KR101109758B1 - Heat exchanger with ceramic layer for hot water dispenser or purifier - Google Patents

Abstract

The present invention relates to a hot water heat exchanger for a water purifier having a ceramic layer, and more particularly, to a hot water heat exchanger for a water purifier having a ceramic layer having a high energy consumption efficiency by allowing heat exchange with water without heat loss. To this end, a heat exchanger, a hot water storage tank, and a separator to prevent heat loss between the heat exchanger and the hot water storage tank is included, and the ceramic layer coated with an oxide coating is formed on the inner and outer surfaces of the heat exchanger and the hot water storage tank. It is characterized by that.

Description

Heat exchanger with ceramic layer for hot water dispenser or purifier}

The present invention relates to a hot water heat exchanger for a water purifier having a ceramic layer, and more particularly, to a hot water heat exchanger for a water purifier having a ceramic layer having a high energy consumption efficiency by allowing heat exchange with water without heat loss.

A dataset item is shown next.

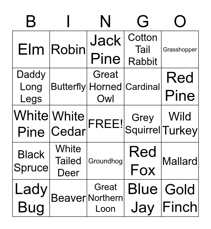 This bingo card has a free space and 60 words: Bald Eagle, Beaver, Black Bear, Black Spruce, Blue Jay, Bumble Bee, Butterfly, Canada Goose, Cardinal, Chickadee, Cotton Tail Rabbit, Crow, Daddy Long Legs, Dragonfly, Earthworm, Elm, Gold Finch, Grasshopper, Great Blue Heron, Great Horned Owl, Grey Squirrel, Jack Pine, Lady Bug, Mallard, Moose, Mourning Dove, Racoon, Red Oak, Red Pine, Red Squirrel, Red Tailed Hawk, Red Winged Black Bird, Ring Billed Gull, Ring Neck Pheasant, Robin, Skunk, Tamarack, White Cedar, White Oak, White Pine, White Spruce, White Tailed Deer, Wild Turkey, Wood Duck, Red Fox, Brown Bat, Chipmunks, Redheaded Woodpecker, Garter Snake, Groundhog, Great Northern Loon, Canada Lynx, Painted Turtle, Snapping Turtle, Gray Wolf, Porcupine, Leopard Frog, Bull Frog, Snowy Owl and Firefly.

Water purifier is a device with a built-in multi-stage filter system that is suitable for use as a drink in homes and offices using water sources. It is a device with a dual cooling system and a heating system for converting purified drinking water into cold or hot water. It can be called cold and hot water purifier.

In the existing hot water purification technology, the heating tank at the bottom of the reservoir is controlled at about 85 ° C, and the inside of the reservoir located at the top is always indirectly heated to 30-40 ° C. Therefore, indirect heating of the purified water treatment tank provides a good environment for rapid propagation of bacteria penetrating into the storage tank from the air, and thus there is a problem in that the purified water is converted into contaminated water.

In addition, since the carrier gas heater or the band heater is used as a heat source of the heating bath, the heat exchange efficiency due to heat loss decreases to about 75% or less due to the indirect heating through the insulator or the air film without direct heating with the water to be exchanged. have.

Therefore, the present invention has been proposed to solve the conventional problems as described above, an object of the present invention is a heat exchanger formed with an oxide-coated ceramic layer, a heat exchanger by direct heating without water and heat loss through the heat generating unit It is to increase efficiency.

The hot water heat exchanger for a water purifier having a ceramic layer having the present invention includes a heat exchanger, a hot water storage tank, and a separator to prevent heat loss between the heat exchanger and the hot water storage tank, and an oxide film is formed on the inner and outer surfaces of the heat exchanger and the hot water storage tank. A coated ceramic layer is formed.

The hot water heat exchanger for a water purifier having the ceramic layer of the present invention is directly heated without heat loss with water to be heat exchanged, thereby increasing heat exchange efficiency, and far-infrared effect can be obtained from the ceramic layer.

Referring to the preferred embodiment of the hot water heat exchanger for a water purifier having a ceramic layer formed according to the present invention in detail as follows.

In the following description of the present invention, detailed descriptions of well-known functions or configurations will be omitted if it is determined that the detailed description of the present invention may unnecessarily obscure the subject matter of the present invention. It is to be understood that the following terms are defined in consideration of the functions of the present invention, and may be changed according to the intention of the user, the operator, or the precedent, and the meaning of each term should be interpreted based on the contents will be.

First, the hot water heat exchanger for a water purifier having a ceramic layer having the present invention includes a heat exchanger, a hot water storage tank, and a separator to prevent heat loss between the heat exchanger and the hot water storage tank, and the inner and outer surfaces of the heat exchanger and the hot water storage tank An oxide coating coated ceramic layer is formed.

In another embodiment of the present invention may further include a heat insulating material surrounding the hot water storage tank, the drain port, a low water level sensor, a temperature sensor and hot water inlet and outlet in the configuration.

In another embodiment of the present invention, a spiral heat exchange passage may be formed in the hot water heat exchanger.

In another embodiment of the present invention, the lower portion of the hot water heat exchanger may be formed in close contact with the ceramic heating portion coated with an oxide coating.

Hereinafter, a preferred embodiment of the present invention will be described with reference to the drawings. The following description is only one example and the present invention is not limited thereto.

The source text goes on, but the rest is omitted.